Molti fumetti sono stati adattati in film live-action, uno dei pionieri del settore è stato il franchise X-Men. Ma sapevi che durante le riprese del film, Brian Singer aveva alcune regole strane?

Bryan Singer, il regista dei film X-Men, ha vietato i fumetti durante le riprese. Voleva rappresentare “personaggi 3D” e temeva che i fumetti potessero influenzare il modo in cui gli attori interpretavano i loro ruoli.

Divieto dei fumetti X-Men sul set

In un'intervista a MTV News nel 2018, l'attore Hugh Jackman, che ha interpretato l'iconico Logan nel franchise X-Men, ha rivelato che il regista del franchise Bryan Singer ha dato un'istruzione insolita al cast e alla troupe. (Fonte: Screen Rant)

Singer, un giovane ma talentuoso regista all'epoca, ha vietato i fumetti sul set. Ha vietato specificamente i fumetti X-Men. L'istruzione di Singer era molto strana poiché il loro film era basato proprio su quel fumetto.

Singer ha poi spiegato al cast e alla troupe che i fumetti erano percepiti come letteratura per bambini, ma aveva una visione su come voleva adattarli. Singer voleva che il pubblico prendesse sul serio i personaggi dei fumetti, considerandoli veri personaggi tridimensionali. Ha aggiunto che le persone che non capivano questi fumetti avrebbero potuto considerare i personaggi nella loro forma bidimensionale.

Singer è riuscito a creare versioni più realistiche dei personaggi mutanti. Non è stato fedele alle uniformi colorate dei personaggi nei fumetti. Il regista ha scelto invece costumi in pelle scura. Singer ha anche attenuato i poteri di alcuni personaggi. Non voleva che questi personaggi fossero così potenti da non essere più credibili. (Fonte: Cinema Blend)

Alla fine, la strategia di Singer ha dato i suoi frutti. È riuscito a far interpretare a ciascun attore il proprio personaggio a modo suo. L'adattamento di Singer si è anche distinto dalle comuni trasposizioni di fumetti ironiche dell'epoca.

Il lato oscuro personale di Bryan Singer

L'autore di Singer nella realizzazione del franchise X-Men ha influenzato notevolmente Hollywood per quanto riguarda l'adattamento dei fumetti di supereroi e villain.

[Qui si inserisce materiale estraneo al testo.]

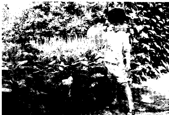
健康的小朋友

因此，發燒體溫不正常時，不可隨便吃退燒藥，以免把「熱型」的特徵弄亂了，影響醫師正常診斷。 (沈奇文)
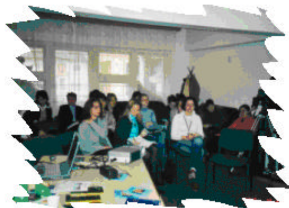
Mures - Bistrita
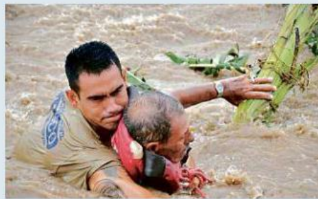
■ Cuatro personas y dos rescatistas fueron auxiliados por aire en Cihuatlán; en Tomatlán ascendieron a 29.
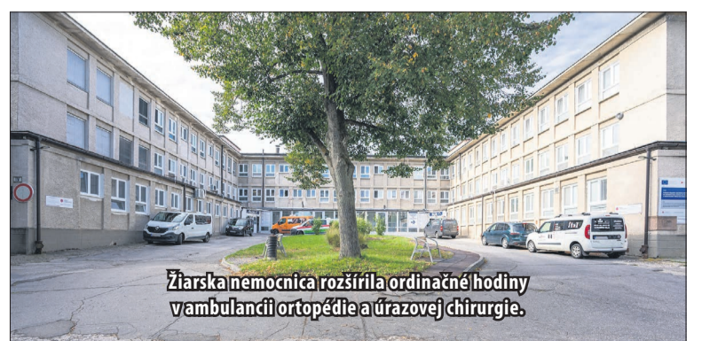
Žiarska nemocnica rozšírila ordinačné hodiny v ambulancii ortopedie a úrazovej chirurgie.
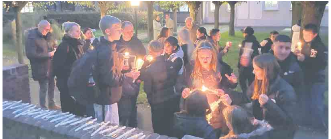
Die Schülerinnen und Schüler der Gesamtschule Weilerswist verteilten Kerzen an die Teilnehmer der Gedenkveranstaltung im Hochzeitsgarten.
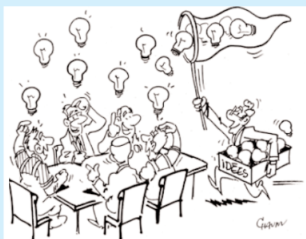
Valoriser l'expertise des sociétaires
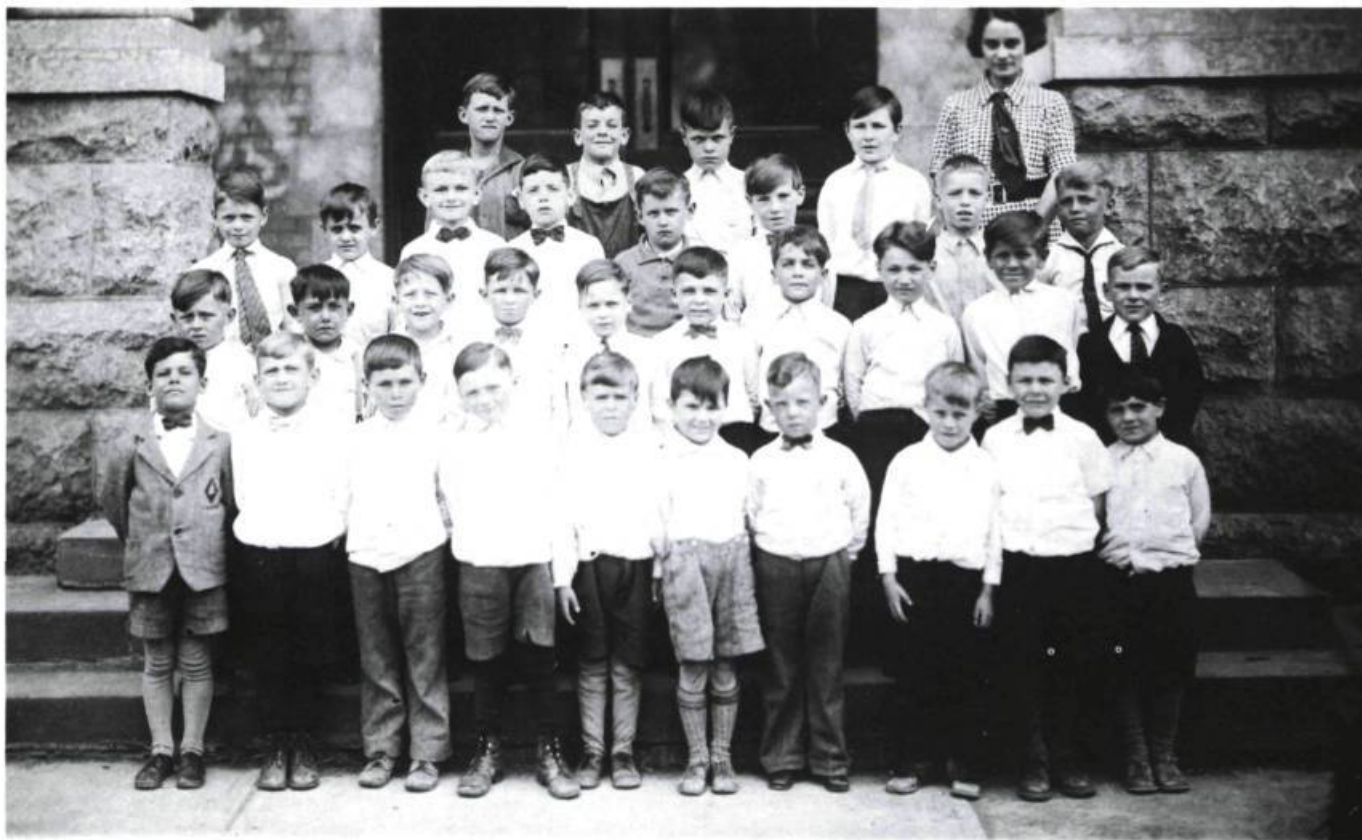
En haut, Gabrielle Roy avec sa classe à la Petite poule d'eau . En bas, à gauche, à 22 ans, à l'Académie Provencher et à droite, à Prats-de-Mollo en 1939, à la frontière franco-catalane, avec des petits réfugiés catalans.
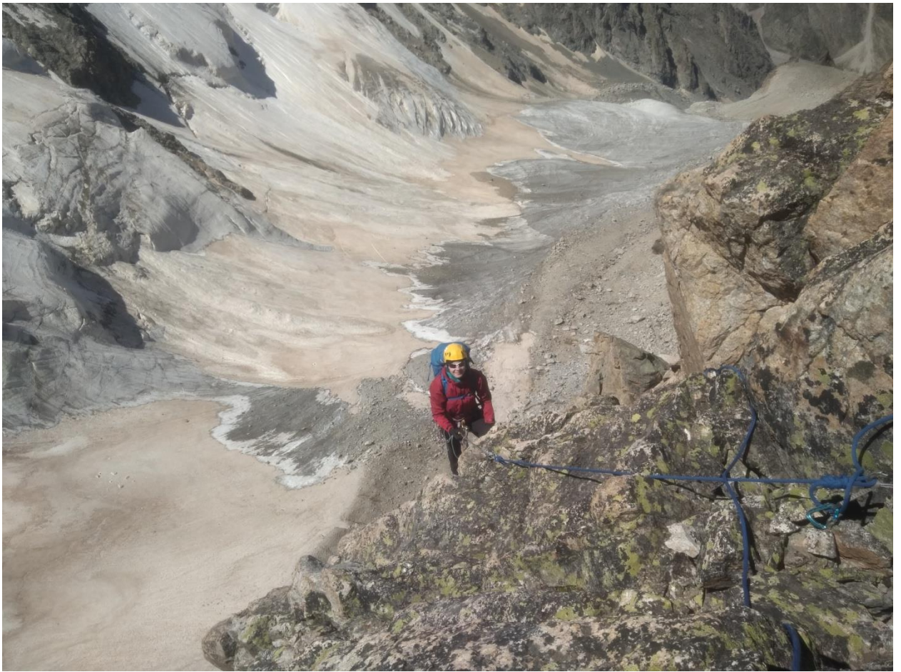
Фото R6-R7 выход на гребень

Il successo di Singer potrebbe averlo portato a compiere azioni controverse sia nella sua vita personale che professionale. (Fonte: Hollywood Reporter)

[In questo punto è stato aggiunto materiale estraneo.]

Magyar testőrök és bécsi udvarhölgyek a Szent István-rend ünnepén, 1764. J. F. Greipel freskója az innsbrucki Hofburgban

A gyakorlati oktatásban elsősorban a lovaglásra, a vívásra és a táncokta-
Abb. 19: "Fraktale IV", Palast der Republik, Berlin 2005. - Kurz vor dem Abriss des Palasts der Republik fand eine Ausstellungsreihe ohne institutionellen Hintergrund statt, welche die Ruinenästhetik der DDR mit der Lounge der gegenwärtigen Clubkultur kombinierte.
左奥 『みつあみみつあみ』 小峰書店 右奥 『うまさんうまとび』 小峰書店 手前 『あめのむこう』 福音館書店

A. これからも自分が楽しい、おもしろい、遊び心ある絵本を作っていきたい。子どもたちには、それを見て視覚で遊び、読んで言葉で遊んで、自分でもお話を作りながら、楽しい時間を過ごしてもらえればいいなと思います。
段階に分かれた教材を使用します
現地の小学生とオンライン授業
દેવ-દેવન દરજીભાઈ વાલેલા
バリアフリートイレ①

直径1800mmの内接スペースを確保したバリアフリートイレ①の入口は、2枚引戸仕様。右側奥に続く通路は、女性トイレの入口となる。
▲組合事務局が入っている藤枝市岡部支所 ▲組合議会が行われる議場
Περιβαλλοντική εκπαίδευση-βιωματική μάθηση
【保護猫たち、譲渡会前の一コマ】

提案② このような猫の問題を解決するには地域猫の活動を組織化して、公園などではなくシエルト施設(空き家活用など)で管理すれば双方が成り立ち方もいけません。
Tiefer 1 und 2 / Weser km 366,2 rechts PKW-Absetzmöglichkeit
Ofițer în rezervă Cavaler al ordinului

Con il successo del primo capitolo del franchise X-Men, Singer è stato improvvisamente catapultato allo status di celebrità e allo stesso tempo ha guadagnato molto denaro. I membri del cast e della troupe hanno notato il comportamento e i cambiamenti d'umore di Singer durante le riprese dei film.

Si sapeva che Singer ritardava le riprese e le registrazioni a causa delle sue feste e delle successive assenze. I dirigenti hanno anche notato che si comportava male sul set, ma hanno continuato con il progetto poiché avevano già accomodato e chiuso un occhio sul primo film.

Singer era anche coinvolto in una causa civile nel 1997, pochi anni prima del franchise X-Men. Il caso nasce dal suo film del 1997 Apt Pupil, in cui due ragazzi di 14 e 17 anni affermavano che il regista li avesse ordinati di spogliarsi nudi per una delle scene.

Molti resoconti affermano anche che giovani e attraenti minorenni venivano promessi audizioni e ruoli minori nel franchise X-Men in cambio di favori sessuali.
Quando X2 veniva girato, i membri del cast e della troupe notarono che Singer diventava sempre più irregolare e distruttivo. Questo portò a una rissa tra lui e il produttore DeSanto, che alla fine chiuse la produzione. La loro lite iniziò quando DeSanto scoprì che Singer assumeva narcotici, facendo temere a DeSanto che potesse verificarsi un incidente. Singer continuò le riprese, sfidando DeSanto, provocando lievi ferite a Hugh Jackman.